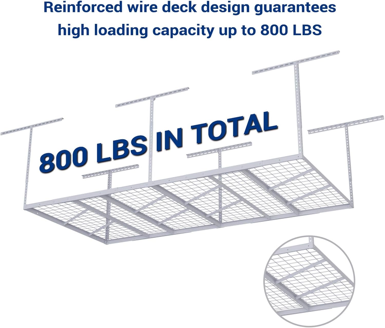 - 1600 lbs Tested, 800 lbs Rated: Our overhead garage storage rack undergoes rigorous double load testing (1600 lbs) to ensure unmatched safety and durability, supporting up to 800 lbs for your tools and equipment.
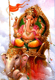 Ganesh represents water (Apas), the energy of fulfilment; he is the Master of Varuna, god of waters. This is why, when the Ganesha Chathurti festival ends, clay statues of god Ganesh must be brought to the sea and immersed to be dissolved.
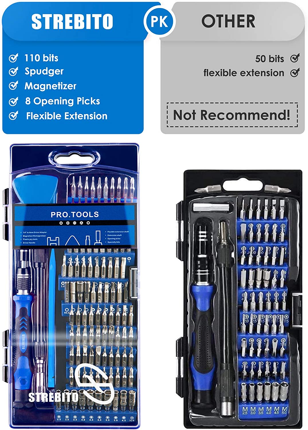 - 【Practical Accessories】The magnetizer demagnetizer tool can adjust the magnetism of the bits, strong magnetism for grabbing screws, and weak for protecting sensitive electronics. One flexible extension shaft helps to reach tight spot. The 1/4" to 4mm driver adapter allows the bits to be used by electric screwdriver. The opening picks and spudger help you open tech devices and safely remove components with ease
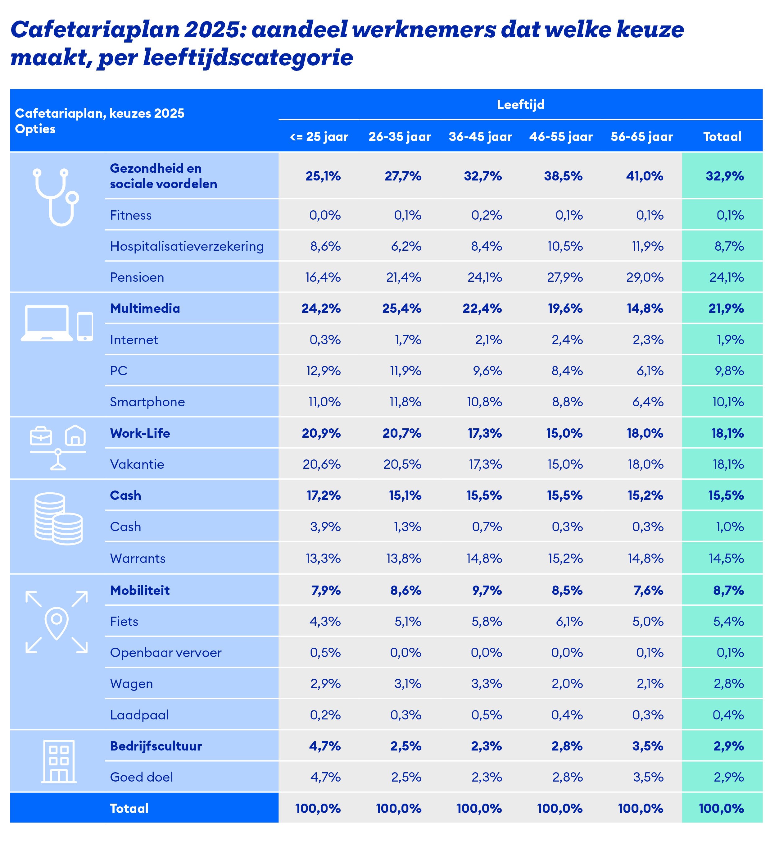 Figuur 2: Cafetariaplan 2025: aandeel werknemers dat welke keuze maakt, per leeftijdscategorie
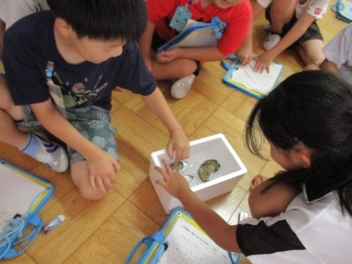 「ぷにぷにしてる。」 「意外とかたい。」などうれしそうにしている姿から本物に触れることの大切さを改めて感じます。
────────
__Activity__
Retyping should start at the first line of the data above and stop after the line with "- 【Practical Accessories】The", and no picture should be included.

__Solved exercise__
 - 1600 lbs Tested, 800 lbs Rated: Our overhead garage storage rack undergoes rigorous double load testing (1600 lbs) to ensure unmatched safety and durability, supporting up to 800 lbs for your tools and equipment.
 Ganesh represents water (Apas), the energy of fulfilment; he is the Master of Varuna, god of waters. This is why, when the Ganesha Chathurti festival ends, clay statues of god Ganesh must be brought to the sea and immersed to be dissolved.
 - 【Practical Accessories】The magnetizer demagnetizer tool can adjust the magnetism of the bits, strong magnetism for grabbing screws, and weak for protecting sensitive electronics. One flexible extension shaft helps to reach tight spot. The 1/4" to 4mm driver adapter allows the bits to be used by electric screwdriver. The opening picks and spudger help you open tech devices and safely remove components with ease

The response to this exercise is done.